The Zimbabwean government has restricted the importation of poultry and sugar, and banned maize imports.
The government has restricted the importation of poultry and sugar in a bid to protect the local manufacturing sector, which has been unable to cope with the competition from the influx of goods from South Africa.
Last week the agriculture ministry banned the importation of maize into the country and, in the process, gave the state-owned Grain Marketing Board a monopoly in maize procurement.
The utilisation of factory capacity in the manufacturing sector is just under 39%, according to the latest statistics from the Confederation of Zimbabwe Industries.
Under-capitalisation, liquidity constraints, high interest rates on short-term loans and high operational costs have been highlighted by the confederation as the main factors contributing to the continued decline in productivity of the manufacturing sector.
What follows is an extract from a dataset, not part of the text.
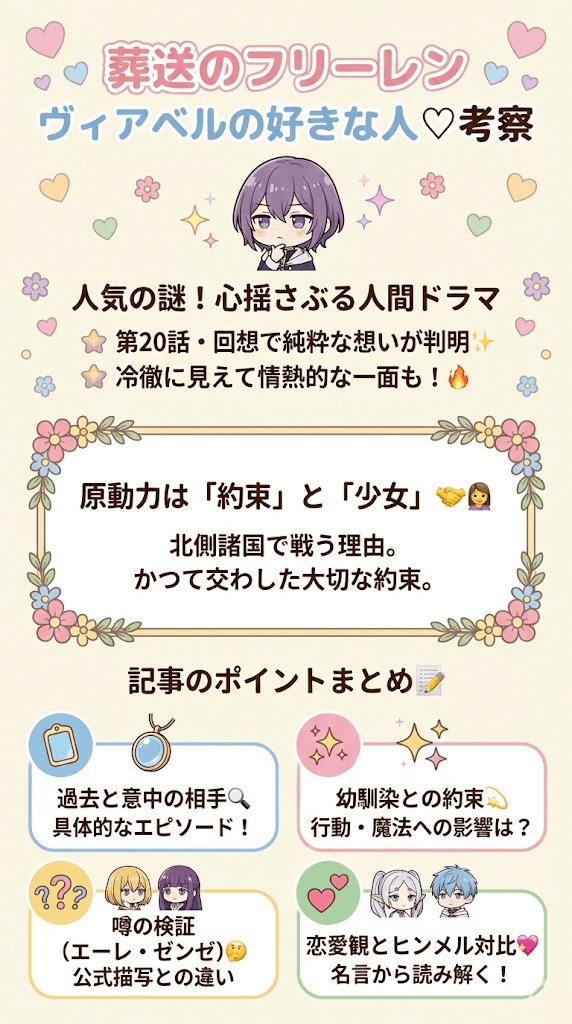 葬送のフリーレンのヴィアベルの好きな人について深掘りすることで、彼の人柄や物語の奥深さが見えてきました。

Abigail Shonhiwa, the industry and commerce department's permanent secretary, said new legislation was designed to manage imports.
"Import licencing is not banning imports, but we would like to manage them so that we [only] bring into the country what is necessary," she said.
Vince Musewe, an independent economist in Harare, said the government's move was muddled by policy inconsistency. He criticised it for not consulting key stakeholders on the consequences of its actions.
"The banning of imports may be fine and many countries in the world do so to protect themselves, but first there must be capacity in the local industry," he said.
"People are not necessarily buying sugar from South Africa because the local product is expensive; it is because the local industry cannot meet demand."
A better option, Musewe said, would be for the government to increase duty on the imports, as opposed to outright bans. This would allow consumers to make their own choices.
"If the situation is not managed properly, we will see the creation of a black market mushrooming in the near future," Musewe warned.
Allen Hungwe, a political commentator, said protectionist policies would not work and could backfire on the government.
Increase in corruption tendencies
"Given the state of the economy and dwindling disposable incomes, the current price-pegging in Zimbabwe is unaffordable for the ordinary person. What we are likely to see is more illicit trade in those commodities and an increase in corruption tendencies to bring them into the country."
Busisa Moyo, the chief executive of United Refineries, applauded the government for protecting local industry.
"I believe in protection. [It will] allow for competitiveness to return to industry, as we have not been able to retool ourselves," said Moyo.
"Some degree of protection, say of between five to eight years, would give industries a chance to re-emerge. But we need to get the balance right in other areas as well, such as power supply, labour costs and utility bills – if we are to see tangible results."
Industry and Commerce Minister Michael Bimha did not return calls.